This course addresses the various legal, ethical, and practical issues that arise when representing businesses as clients through the vehicle of a hypothetical start-up entity(ies). Students will gain hands-on experience advising and representing clients in simulated business situations, including engaging in client consultation, interviewing, and counseling; drafting client advice documents; evaluating corporate structures; incorporating an entity; and financing a start-up business.
Prerequisites: LAW 636 with a 1.00 or higher.
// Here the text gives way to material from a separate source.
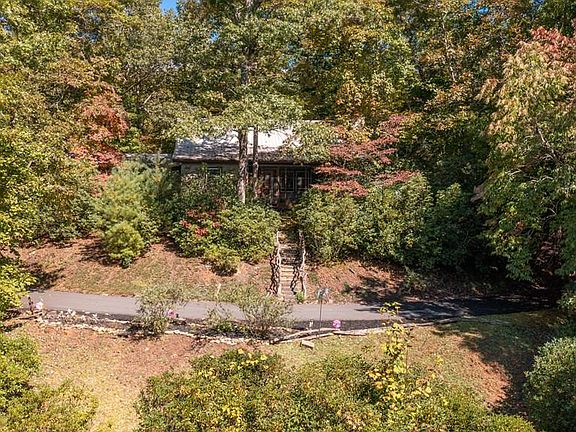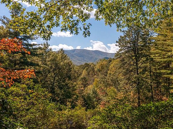 Private cottage nestled in quiet neighborhood featuring vaulted ceilings, a stone fireplace and screened porch overlooking a beautiful WNC mountain view. Two bedroom, two and a half bath with bonus loft. Peer out the window and you may find a fawn crossing the grounds through the surrounding woods. Main level living and high speed cable internet available. Spacious master with walk-in closet and en-suite bath updated with new vanity, flooring, and shower. Around 2150 sq. ft. under roof with 550+ sq. ft. of screened porch and deck with mountain laurel railing. New metal roof in 2001, private community with estate sized, well-maintained lots. The home is paved to door with an attached oversized two-car garage and easy access to 441S.
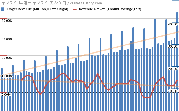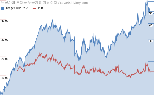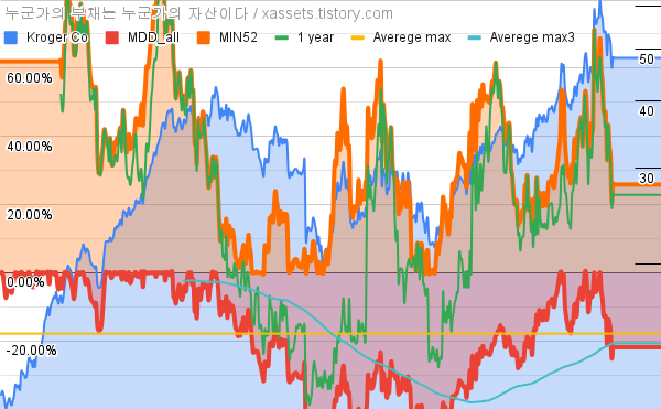- 포스팅일 기준, 크로거의 1, 3, 5, 10년 연평균 주가상승률은 19.23%, 27.60%, 15.37%, 14.82%이다.

LAW 638      MOCK TRIAL      Credits: 2

The workshop course provides students an opportunity to implement classroom theory through simulating the trial process. Students will participate in teams and will develop a litigation strategy based on a real-life problem and then present their case before a panel of lawyers and judges. The competition allows students to develop and hone courtroom skills, such as opening and closing argument, witness preparation, direct examination, cross examination, objections to evidence, demonstrative evidence and ethics in practice.
Prerequisites: LAW 601, LAW 602, LAW 613, and LAW 617 with a 1.00 or higher.

LAW 640      EMPLOYMENT LAW      Credits: 3

This course will help students understand the basic framework of U.S. employment law. It will cover topics such as race, sex, religion, disability, and age discrimination, wage and hour laws and laws covering employee privacy, workers compensation, unemployment insurance, immigration, and safety and health.
Prerequisites: LAW 610 with a 1.00 or higher.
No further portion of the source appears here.